Dustin Hoffman Captain Hook image
Amblin Entertainment

Most people have seen Hook (1991) right? It might be the family movie you watch over the holidays or just something for Sunday afternoon streaming on Netflix. As the follow up to such a popular children’s story in Peter Pan Hook was always going to be popular. But there are many elements of the film that fall short. So what went wrong and why do so many people see Hook as a bad movie?

I’ve taken a look at some movies, like 1993’s Super Mario Bros and 2016’s Suicide Squad here before. Movies that were big budget and high concept that reached for the stars but instead crashed and burned in a major way. They weren’t just critical bombs and financial disappointments. They also torpedoed any chance at launching profitable franchises.

This time, I’m going to take a look at a movie that is in the similar vein: 1991’s Hook. If you’ve seen Hook, you may be raising an eyebrow at me grouping it with the previous movies in my series. Hook wasn’t an overbooked, wasted opportunity (Suicide Squad). Nor an absolute tap-dancing dumpster fire (Super Mario Bros). But given its potential it was so…disappointing.

So lets a flight to Neverland and take a look at the world of Hook.

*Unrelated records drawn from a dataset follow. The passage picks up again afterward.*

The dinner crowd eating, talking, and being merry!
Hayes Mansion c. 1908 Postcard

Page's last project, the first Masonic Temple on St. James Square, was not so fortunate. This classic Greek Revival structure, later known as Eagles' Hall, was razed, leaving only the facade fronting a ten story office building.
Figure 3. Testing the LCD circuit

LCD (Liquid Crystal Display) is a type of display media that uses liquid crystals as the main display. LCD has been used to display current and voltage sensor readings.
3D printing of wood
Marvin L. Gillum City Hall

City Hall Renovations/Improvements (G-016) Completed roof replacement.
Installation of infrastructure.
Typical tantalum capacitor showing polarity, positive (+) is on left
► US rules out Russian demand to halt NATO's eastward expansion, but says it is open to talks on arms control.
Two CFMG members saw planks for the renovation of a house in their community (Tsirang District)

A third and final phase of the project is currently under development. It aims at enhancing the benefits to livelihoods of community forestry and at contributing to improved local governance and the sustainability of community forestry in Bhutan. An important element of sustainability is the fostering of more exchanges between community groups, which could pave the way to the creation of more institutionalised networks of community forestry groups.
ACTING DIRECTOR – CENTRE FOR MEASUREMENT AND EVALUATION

We’ll see what was good about it, what went wrong, and how it could have been better.

SPOILERS: Although this movie is almost 30 years old, there are some spoilers in places. So beware!

What worked and why it had so much potential

There was so much that could have happened with Hook, so much room for originality and creativity. It certainly wasn’t a financial flop, making $300 million off of a $70 million budget, and it was nominated for five Academy Awards. Not only that, it featured an intriguing concept: what would have happened had Peter Pan actually grown up? We’ve seen so many iterations of the Peter Pan tale over the years. Rarely had it dealt with speculative fiction of what might happen if The Boy Who Never Grew Up suddenly…grew up?

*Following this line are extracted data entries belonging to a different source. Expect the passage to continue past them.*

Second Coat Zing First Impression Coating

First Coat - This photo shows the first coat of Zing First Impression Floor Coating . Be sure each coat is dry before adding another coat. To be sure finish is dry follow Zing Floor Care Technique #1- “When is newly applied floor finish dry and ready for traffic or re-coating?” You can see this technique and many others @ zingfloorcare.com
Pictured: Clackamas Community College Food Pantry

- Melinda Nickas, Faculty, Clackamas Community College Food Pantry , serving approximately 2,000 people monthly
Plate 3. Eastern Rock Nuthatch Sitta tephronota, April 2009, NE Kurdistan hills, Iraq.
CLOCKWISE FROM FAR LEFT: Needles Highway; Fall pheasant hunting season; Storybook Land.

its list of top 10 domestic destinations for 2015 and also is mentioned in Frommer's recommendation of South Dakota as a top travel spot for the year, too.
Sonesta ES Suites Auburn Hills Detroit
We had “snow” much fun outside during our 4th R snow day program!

Other than the concept, one of the other strong aspects of Hook was the star power it brought to the table. There was star power both in front of the camera and behind it.

The movie starred some of the biggest and brightest stars in Hollywood at the time (though we’ll get more into this in a bit). Plus it had some very strong supporting cast members. At the helm was legendary director Steven Spielberg. A man with family movie experience in E.T and fresh off of directing the mega-successful Indiana Jones movies. He’d go on to direct another family movie Jurassic Park soon afterwards. So experience in this genre was not a problem.

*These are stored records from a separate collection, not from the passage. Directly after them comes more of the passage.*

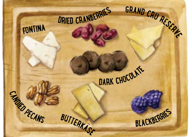
GF - The Partners in Wine Pairing Plate is gluten-free.

OF CAREFULLY SELECTED CHEESES, BERRIES AND NUTS.
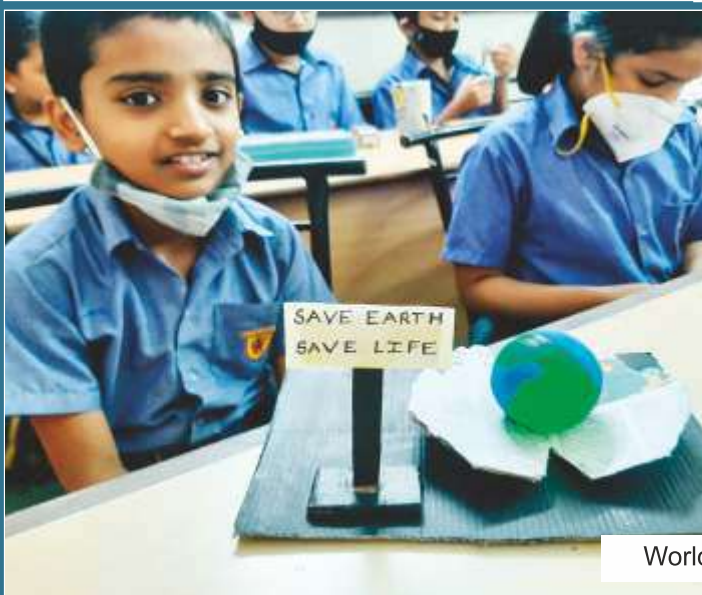
World Earth Day
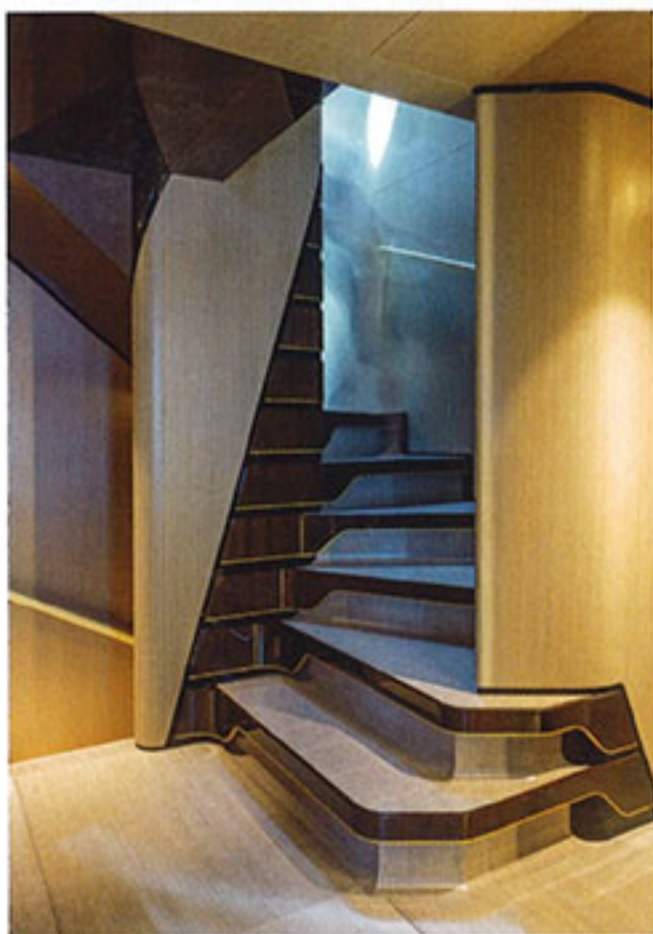
BOTTOM, THE 'BEACH CLUB', WITH ACCESS TO THE SWIMMING PLATFORM
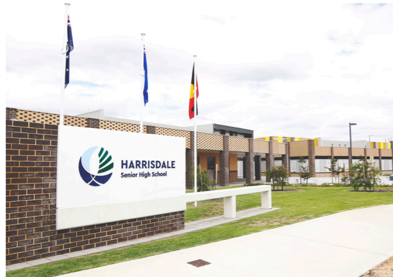
Harrisdale Senior High School
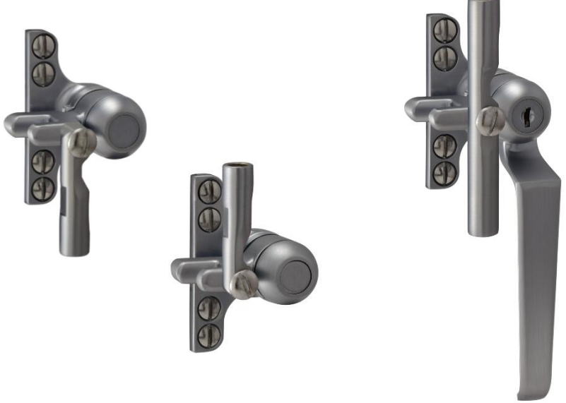
B646NOSEOI & 2 Connectors

B195K09FTROI - Key Locking with Connector
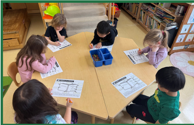
Labeling the Parts of a Book
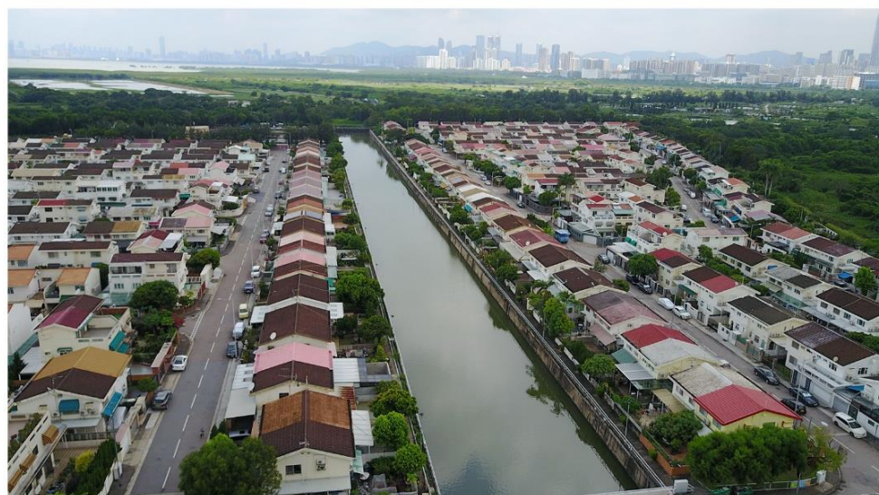
LR2-4 Channelised Watercourse
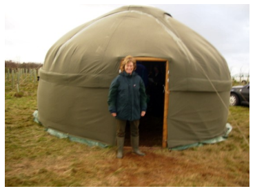
Linda and the Yurt

PS Someone left a purple folding umbrella after the tree planting day. If that was you, please call 881070 to retrieve it as it is missing you.
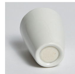
Crucibles include a molded-in porous disc with stable porosity and consistent flow rate.
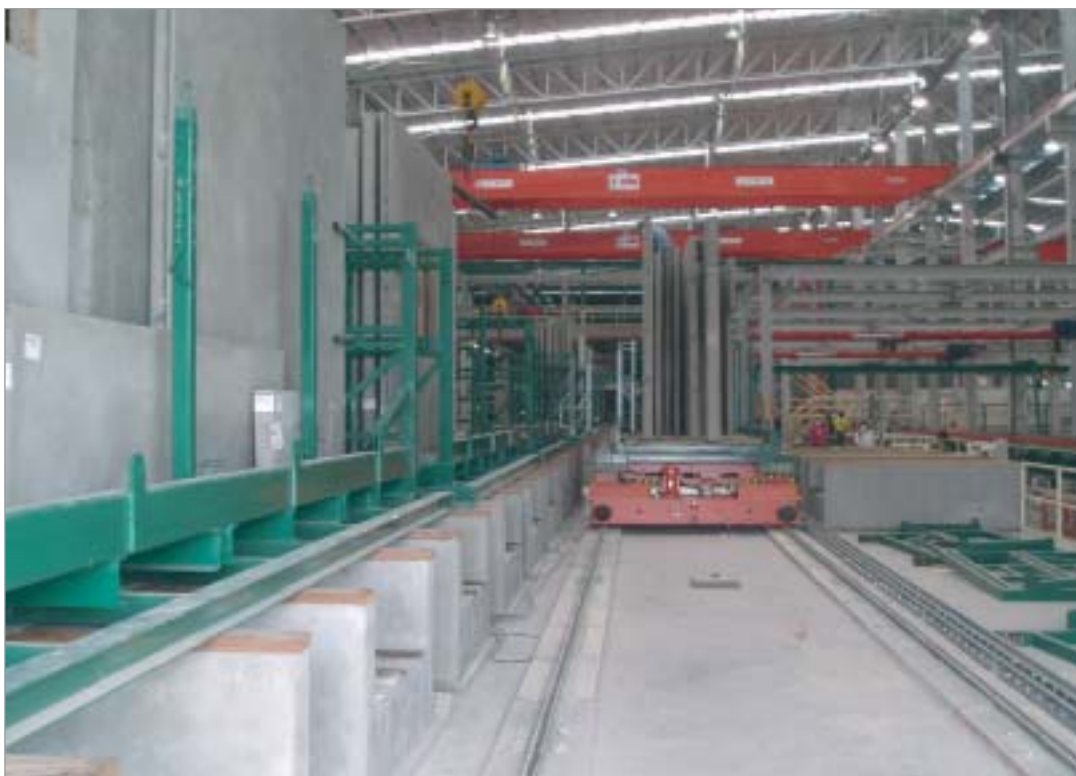
The spectacular hall dimensions are a tribute to the gigantic production capacity layout

The flow of material within the plant is carried out by a palette circulation system which transports the formwork palettes to the work station in a minute cycle – this guarantees flexible logistics in the production process. This circulation system was delivered together with high bay racking to dry the manufactured concrete elements by the plant engineer Vollert. A formwork palette filled with concrete can weigh up to 22 tonnes and therefore demands that the system is of a certain size. Unitechnik's central master computer supplies the work stations with manufacturing data and coordinates all the automatic

In particular, among the strong supporting cast was Bob Hoskins (who would go on to star in Super Mario Bros of all things) as Smee. Hoskins did a masterful job of walking the line between over-the-top and silly while also being dramatic. Not only that, but the introduction of a noticeable-yet-subtle homosexual undertone to the Smee-Hook relationship was somewhat revolutionary for its time. Also strong was Dante Basco as Rufio, the tough but ultimately sympathetic leader of the Lost Boys who dies defending Peter’s honour. This act forces Peter’s son, Jack, to reconcile with his father and, in the end, the crocodile gets Captain Hook again.

Indeed, one of the stronger elements of the Hook movie is the way it deals with the dynamic of Peter Pan (now Peter Banning) as a father. He becomes the same kind of grown-up he always wanted to avoid. In one of the movie’s most iconic moments, he regains his ability to fly by remembering his happiest thought. He left Neverland and grew up because he wanted to be a father.

That scene…it still gets me all these years later.

So despite all this potential and star power, why isn’t Hook more well-loved? Why is it remembered as a movie with middling reviews at best? It holds an abysmal 29% on Rotten Tomatoes. And why was it not a game-changing work that could have started a franchise?

Well, let’s take a look…

What Went Wrong?

Earlier, I mentioned that Hook had a lot of star-power in its cast, so it shouldn’t be a bad movie, right? It was also directed by Spielberg in his prime. But as any chef can tell you, great ingredients don’t always make a great meal. And Hook was not a great meal.

The biggest issue of the movie was the casting of the two leads. Robin Williams played Peter Pan. Dustin Hoffman played Captain Hook. That’s 11 Academy Award Nominations and 3 wins right there (and Hoffman had just won an Oscar for Rain Man two years prior). Both were very capable actors in their primes. But they were cast incorrectly.

Williams was…fine?…as Peter Pan. He tamed his trademark wild energy at the time and focused it into a more serious role until the time called for it towards the end. But he was a bit too inconsistent in his role. Like in his other more dramatic roles (i.e. What Dreams May Come), his “serious” acting sometimes comes across as too syrupy and over-the-top. His portrayal of Peter Pan was almost too melodramatic and, when he finally crosses back over to the side of the Lost Boys, almost too cheesy for the role.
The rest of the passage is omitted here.